In 1986, Beck defined risk as “a systematic way of dealing with hazards and insecurities induced and introduced by modernization itself.”2 Always present, these risks came to be widely recognized during the 1960s, well before anything like climate change had been verified. But even then, when puffing smokestacks still punctuated Western skylines and workers occasionally still went on strike, claiming those factories as their own, risk was not limited to the visible dangers of industrialization. Instead, says Beck, “the risks of civilization today typically escape perception and are localized in the sphere of physical and chemical formulas.”3 In keeping with this axiom, the risks managed by the Bank of America Tower are largely invisible. They are measured by physical and chemical formulas that describe the behavior of greenhouse gases, as well as by MERV ratings and the dimensions of fiberglass filters. As in Beck’s thesis, risk society and class society have indeed met in the particle-free air inside this building, which is filtered, heated, cooled, and lit to support the activities inside. But when we look more closely, we do not see one regime replacing the other; rather, we see a striking interdependence.

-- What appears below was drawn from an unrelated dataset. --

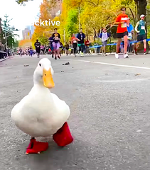 Wrinkle, an emotional support Pekin duck, was a runaway hit when she joined her owner to race in this year’s NYC Marathon. Wrinkle ran in the race along with her human counterparts sporting homemade red shoes to protect her feet from the rough parts of the city streets. Wrinkle may not have won the Marathon, but she became an instant sensation with the crowd cheering her on as she waddled by! Adidas and Peloton even commented on this runaway rock star. Check out the full story here: People Can’t Get Enough of this Duck Running the NYC Marathon – Shoes and All. Adidas and Thera-Paw should combine forces to develop a fab line of fowl-friendly, fashionable footwear. Who needs to fly when you have happy feet!
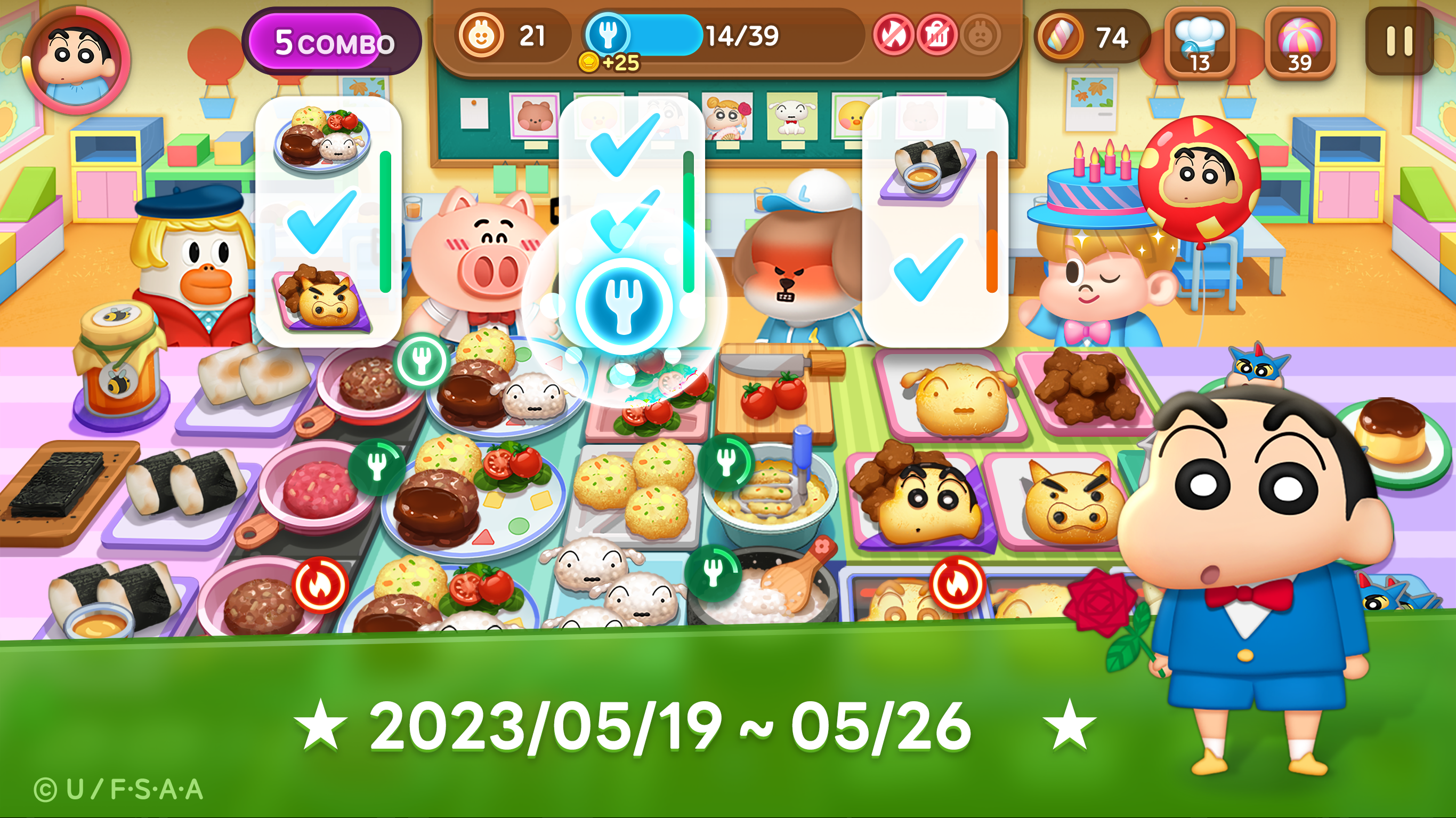 LINE 株式会社は、当社が展開するクッキングゲーム「LINE シェフ」(iPhone・Android 対応/無料)がサービス開始から4周年を迎えました。さらに、本日より『クレヨンしんちゃん』とのコラボレーション第2弾を開始しました。

One Bryant Park was designed as a speculative core-and-shell office building and was LEED rated prior to acquiring its main tenants, for whom the building’s “high environmental standards” were reportedly an important factor in securing tenancy.4 The Bank of America occupies 75 percent of the overall square footage, about one-third of which comprises the bank’s trading floors. As a result, and despite the platinum rating, it has been widely reported that the building emits more greenhouse gases than any similarly sized tower in the city, largely due to the energy loads generated by the 24/7 activities of those floors, with their screens, servers, and sleep-deprived bankers.5 All of which is, of course, in support of the bank’s ultimate purpose: to manage and profit from financial risk. At One Bryant Park, the Bank of America does so at fair expense to the external thermal environment but at relatively minimal environmental risk to the material comfort and well-being of bank employees, who breathe particle-free conditioned air as they speculate financially on the material risks taken by nations floating their currencies or homeowners mortgaging their houses. Of special interest to architects and architectural historians, then, is the fact that the coincidence of these two forms of risk, environmental and financial, is underwritten by the partition of what modernism used to call space and what we must now call air, and a corresponding division of labor.

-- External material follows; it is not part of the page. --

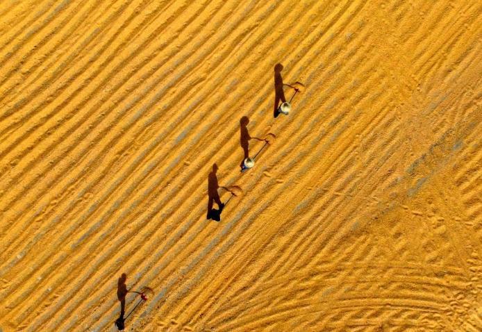 山東省臨沂市平邑縣農(nóng)民在晾曬收獲的玉米。

That division, which is orchestrated above all by drawings and other visual documents, begins with the consultants. The firm of e4, Inc., a green building consultancy who compiled the documents that secured One Bryant Park’s LEED rating, was only one of the building’s approximately two dozen authors. Along with the architects, Cook + Fox and Adamson Associates, the list includes the MEP engineers Jaros, Baum & Bolles, the environment consultant Viridian Energy, the façade consultant Israel Berger, the geotechnical engineers Mueser Rutledge, and a whole host of others, to say nothing of the hundreds working under the general contractor, Tishman Construction, or those in the factories who produced its recyclable steel, or the engineers and line workers at Carrier who designed, produced, and installed the air filters.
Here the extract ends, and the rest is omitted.